Luxurious, well-lit spirit boats plying the night waters? Bath houses for the spirits? The danger of total memory loss? Implanted spells in the shape of little black worms? Bitter medicines that provoke vomiting and purge the system of malign influences? Animal transformation? Shamanic flight?
Surely, we’re in the realm of Amazonian shamanism!
Surprisingly, we’re also in the realm of Hayao Miyazaki’s Spirited Away, the renowned anime director’s most successful, and Japan’s top grossing, film. Like many of Miyazaki’s films, Spirited Away both conveys a strong ecological message and depicts a young heroine’s journey without falling into the simplistic good/evil formulas characteristic of Disney. Instead, the protagonist Chihiro surmounts the obstacles in her path by discovering her innate capacity to heal and to perceive the true essence of those around her. In short, she conquers through love.
Miyazaki’s imaginary realm is wild and free, much as the mythos of traditional and ancient peoples.

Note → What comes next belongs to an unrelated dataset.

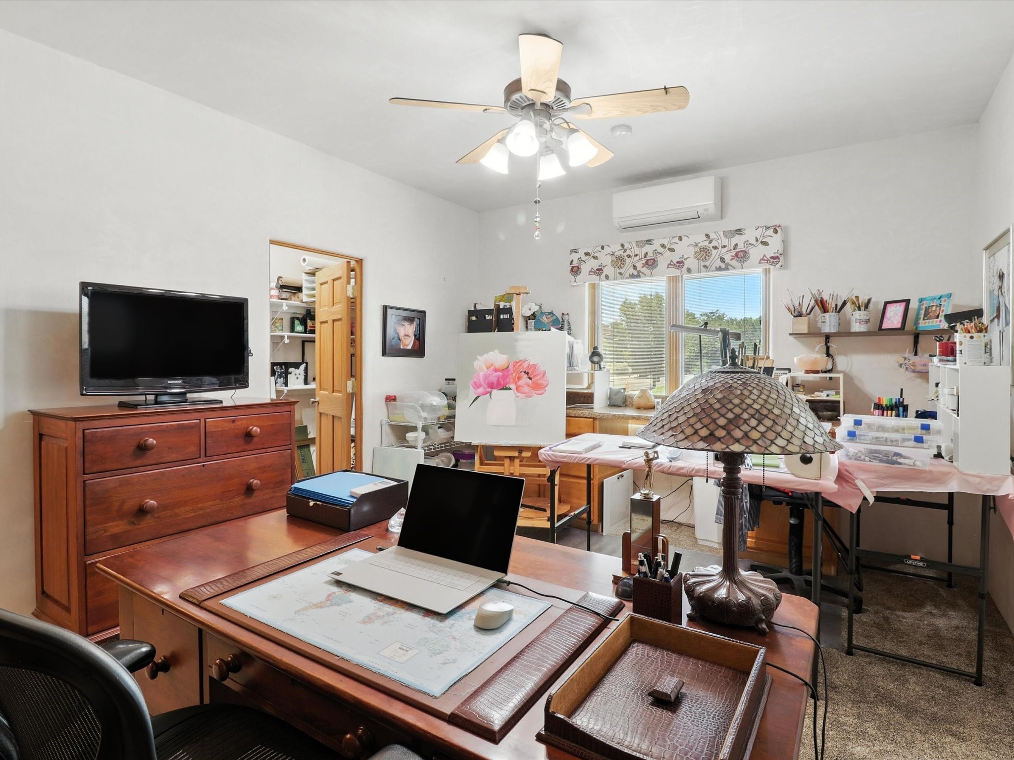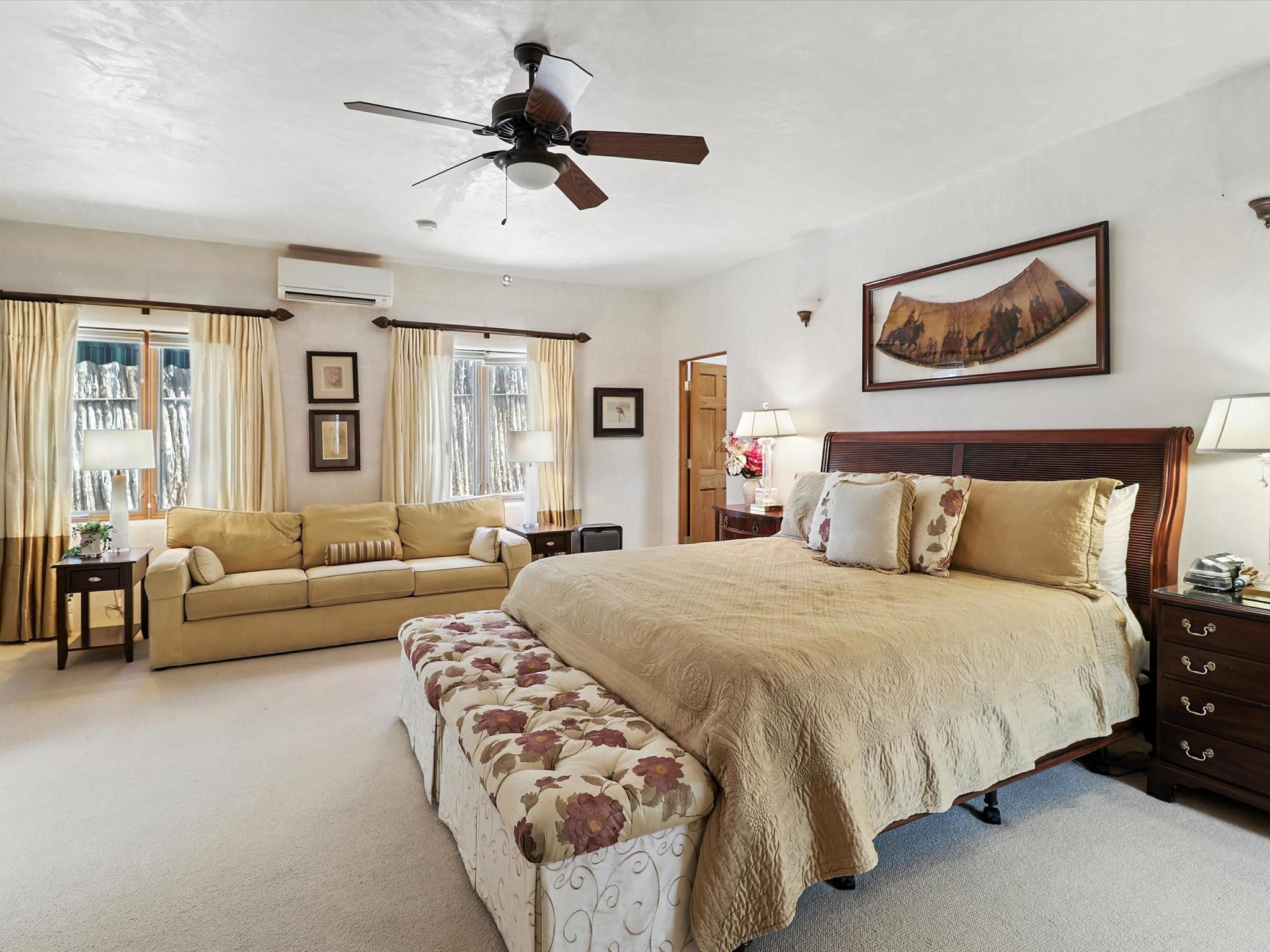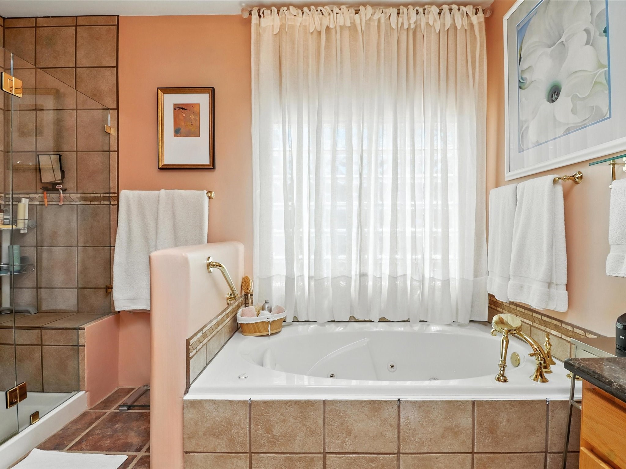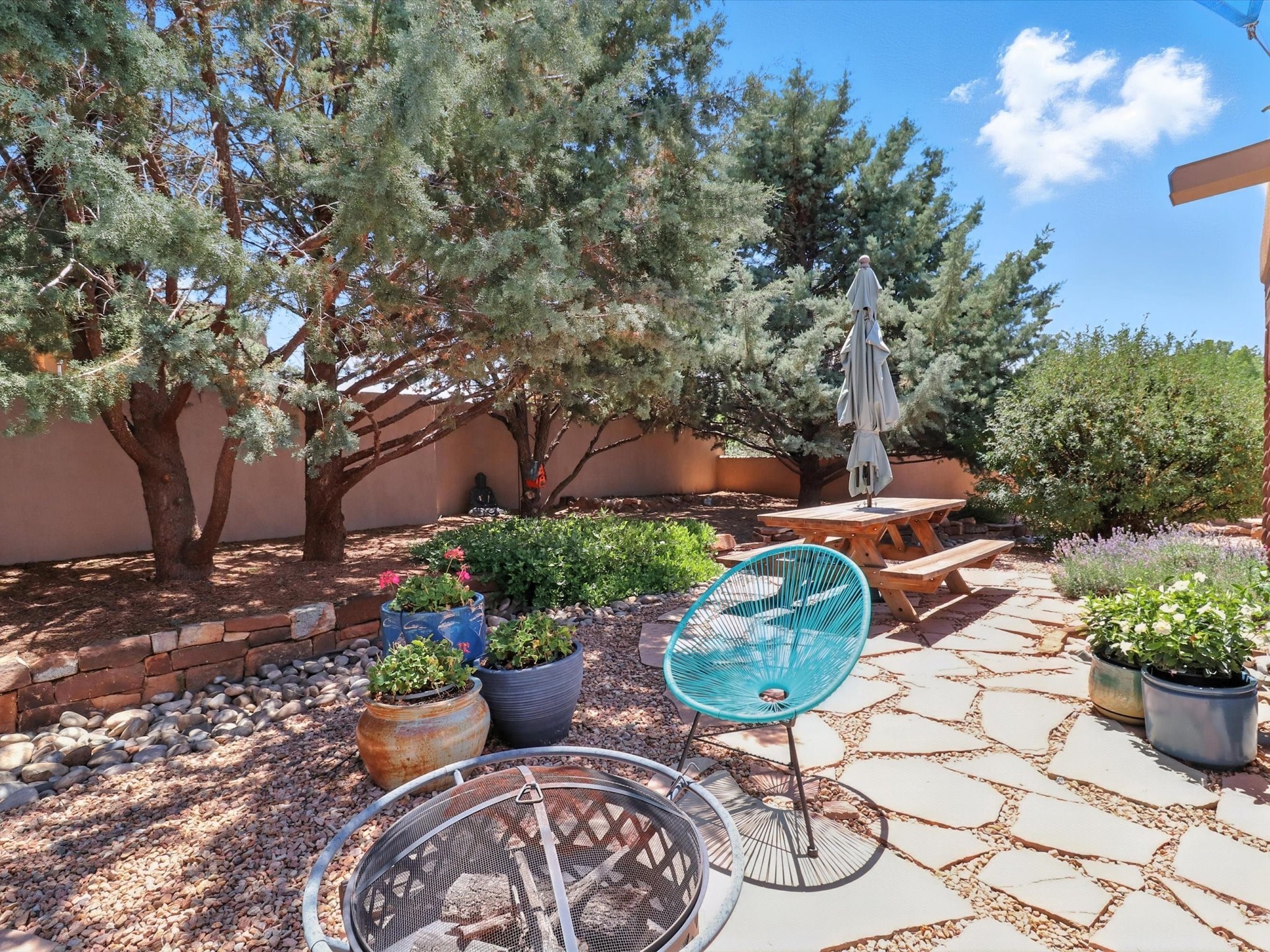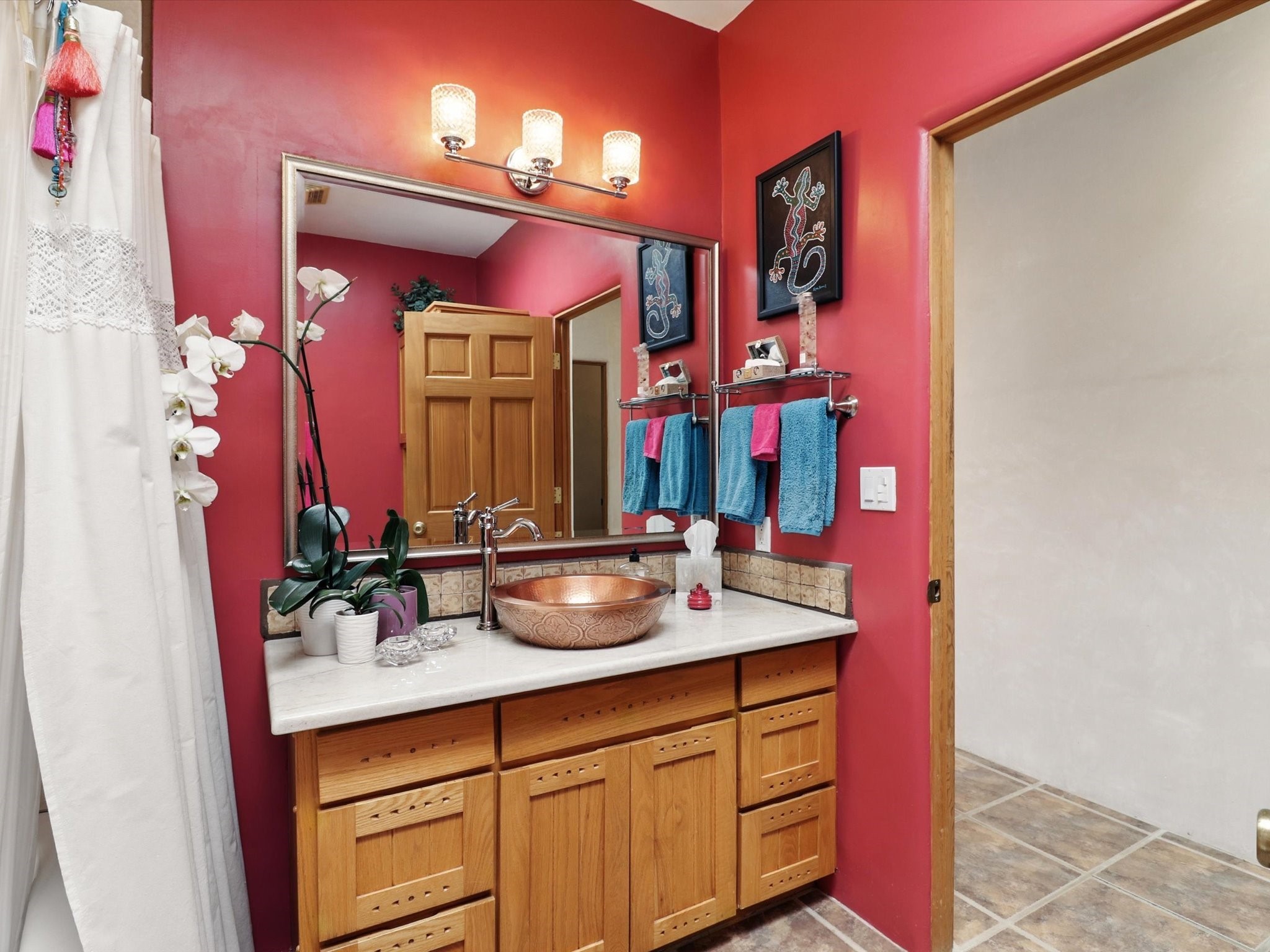 This beautifully maintained and thoughtfully updated home blends timeless Southwestern charm with refined, modern comfort. Spacious and gracefully proportioned rooms are enhanced by luxurious details throughout, including diamond finish plaster walls and elegant, large-format ceramic tile flooring. Step into the dramatic great room, where a soaring 12-foot viga ceiling and a cozy kiva fireplace create a stunning central gathering space. The fully remodeled kitchen is open to the living area and features slab granite countertops, stainless steel appliances, abundant custom cabinetry, and a sunny breakfast nook, perfect for everyday living and entertaining alike. The adjacent formal dining room, also crowned by a high viga ceiling, offers seamless flow for gatherings both intimate and celebratory.A separate den with a wood-burning kiva-style fireplace provides additional flexible living space and opens to a private rear patio and manicured outdoor area.The expansive owner's suite is thoughtfully positioned for privacy and serenity. It includes a peaceful sitting area, direct access to the heated sunroom, and a beautifully appointed updated bath featuring a glass brick wall that gently filters natural light. Two additional bedrooms are located at the opposite end of the home. One is currently serving as studio and office, the other a wonderful guest room, with both sharing a generous full bath. Additional features include: walled and gated yard with security cameras, attached oversized two-car garage, large walk-in closets in every bedroom, heated enclosed Portal Santa Fe room with adjoining covered BBQ area, 5 mini-split Mitsubishi systems for personalized cooling and supplemental heat w/ upgraded hyper compressors, 13 GPM tankless water heater, Toto Washlet toilets, 18 solar panel (owned), and a large in-town lot with all city utilities. This home has been a place of deep joy, creativity, & care, now ready to welcome its next chapter w/ warmth & grace.

Of course, Miyazaki’s cultural background is profoundly Shinto, yet the influence of other cultures, such as ancient Greek myth, upon Miyazaki’s work has long been recognized (for example, the protagonist of Spirited Away, Chihiro, has her parents transformed into swine for eating the food of the spirits, and must, Odysseus-like, must find their cure and effect their release). Less recognized is the imprint of the cosmovision of Amazonian shamanism upon Spirited Away.
The early arrival of the Acero Punta, the steamship of the spirits sited throughout the Amazon waterways and depicted by artist Pablo Amaringo, first tips off the viewer of Miyazaki’s new cultural inspiration, but it is an ayahuasca-like medicine that Chihiro, like a good curandera, utilizes to heal the sick that clinches the case.
Chihiro receives the intensely bitter, fist-sized ball of medicine as a reward after performing her first purga upon a polluted river spirit, and is soon required to purge and heal two spirits of intense maladies. The first, her ally the river spirit Haku, dying of internal bleeding while in dragon-form, swallows the potent remedy, is flung into convolutions, and vomits up a stolen golden seal upon which sits a black worm. Chihiro kills the worm, which had been implanted in Haku by the witch Yubaba to enslave him – a hex and extractive procedure quite typical of Amazonian folk medicine.
The second healing, performed upon No Face, a spirit akin to the hungry ghosts of the Buddhist tradition, triggers the most comical sequence of vomiting in cinematic history – as No Face careens after the fleeing Chihiro through the levels of the bathhouse, disgorging the contents of his vast swollen, distempered belly, he literally returns to his senses. After a bout of hurling reminiscent of the most nightmarishly purgative of ayahausca ceremonies, we hear him give a post-limpiada burp and meekly beg pardon! The restoration of No Face’s original self is complete, and he finds his home with Yubaba’s twin sister, Zeneba.
Really, that’s what Spirited Away and the Amazonian shamanic tradition is all about – finding one’s way home. It’s an inspired nostos, a homecoming song, in the best of Ancient and traditional storytelling ways.